16. Political and institutional program
16.1. Immediate deployment of micro-groups, without waiting for official recognition
From the launch phase, DDS organizes the first micro-groups of 5 volunteer Beninese citizens in each commune of the country's twelve departments, prioritizing areas where current political representation is weakest: the northern departments (Alibori, Atacora, Borgou, Donga), particularly affected by both relative political exclusion and jihadist insecurity, as well as in major urban centers (Cotonou, Porto-Novo, Parakou, Abomey-Calavi) and within the Beninese diaspora (France, Ivory Coast, Nigeria, Togo, Ghana).
- Concrete example: a micro-group of five female traders from the Dantokpa market in Cotonou uses ddsAI to document and report, via imperative mandate, a difficulty in accessing local credit — without depending on a party or exposing themselves individually.
- Expected consequence: in twelve to eighteen months, an initial network of several thousand micro-groups federated by municipality, forming the first layer of the national fractal structure (Section 8).
16.2. Systematic documentation and international pressure campaign
The DDS Legal and Constitutional Group documents, with verifiable evidence, the violations of political pluralism observed in Part I (invalidations of candidacies, CRIET prosecutions of journalists and opposition members, restrictions on demonstrations) and transmits them to the relevant bodies—the African Court of Human and Peoples' Rights, ECOWAS, international press freedom organizations, and Benin's bilateral partners. This bureaucratic and media pressure campaign, coordinated by the leading figures of the DDS network, never aims to overthrow the government, but rather to create a growing reputational and diplomatic cost for any further restriction of civic space.
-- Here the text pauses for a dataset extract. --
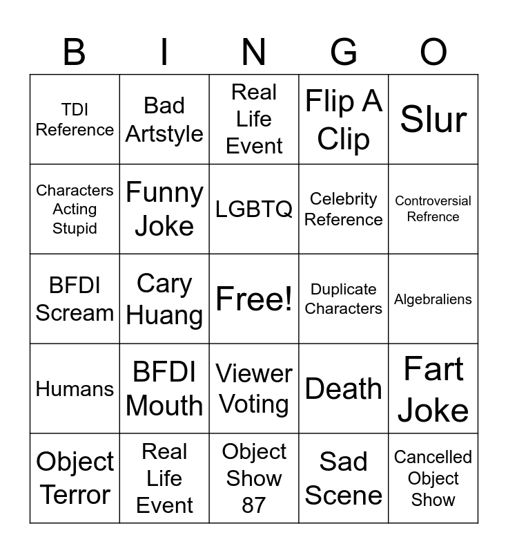 This bingo card has a free space and 24 words: BFDI Mouth, Real Life Event, LGBTQ, Object Terror, Slur, TDI Reference, Characters Acting Stupid, Bad Artstyle, Duplicate Characters, Viewer Voting, Celebrity Reference, BFDI Scream, Death, Fart Joke, Funny Joke, Sad Scene, Algebraliens, Real Life Event, Controversial Refrence, Cary Huang, Cancelled Object Show, Humans, Flip A Clip and Object Show 87.

16.3. Proposed reform of the electoral system, to be introduced by referendum
|
Current element |
DDS Proposal |
Expected consequence |
|
Sponsorship system that filters presidential candidacies |
Validation of candidacies based on a threshold of verified citizen signatures via micro-groups, without the discretionary power of a single authority. |
End of the structural exclusion of the organized opposition; real pluralism in the first round |
|
A seven-year presidential term without the possibility of recall |
Mandate subject to a mechanism of popular recall at mid-term based on a threshold of verified signatures. |
The executive branch remains accountable to the people, without waiting for the deadline. |
|
CRIET used for broad criminal classifications against critical expression |
Strict separation of powers: the CRIET refocused on economic crime and proven terrorism, independent oversight of prosecutions targeting journalists and opponents |
End of the judicial manipulation of legitimate political criticism |
DDS recognizes a fundamental limitation of realism: these institutional reforms cannot be imposed from the outside or by force. They become legitimate objectives for political negotiation as the DDS micro-group system demonstrates, through its scale and concrete usefulness, that it represents a significant and organized segment of the Beninese people.
17. Economic program
17.1. Diversify beyond raw cotton, soybeans and cashew nuts
The current structure of Benin's exports—cotton (49%), soybeans (12.5%), and cashew nuts (11%), the vast majority of which are unprocessed—exposes the country to global price cycles and captures a small share of the added value locally. DDS, acting on behalf of small-scale agricultural groups and with the support of the Economic and Financial Group, proposes an accelerated local processing plan based on the existing infrastructure of the Glo-Djigbé Industrial Zone (GDIZ). While the development of the GLO-Djigbé Industrial Zone has been praised by international institutions, its benefits must be made directly traceable and redistributed through the PCNT (National Processing and Transformation Program).
- Concrete example: a group of cotton cooperatives from Borgou and Atacora, federated into DDS micro-groups, collectively negotiate, with the support of the Economic Group, a local processing contract guaranteeing that at least 40% of the cotton produced in their area is spun or woven before export, rather than exported raw.
- Expected consequence: gradual increase in the share of local added value captured by the producers themselves rather than solely by intermediaries and export markets; reduction of vulnerability to international price shocks.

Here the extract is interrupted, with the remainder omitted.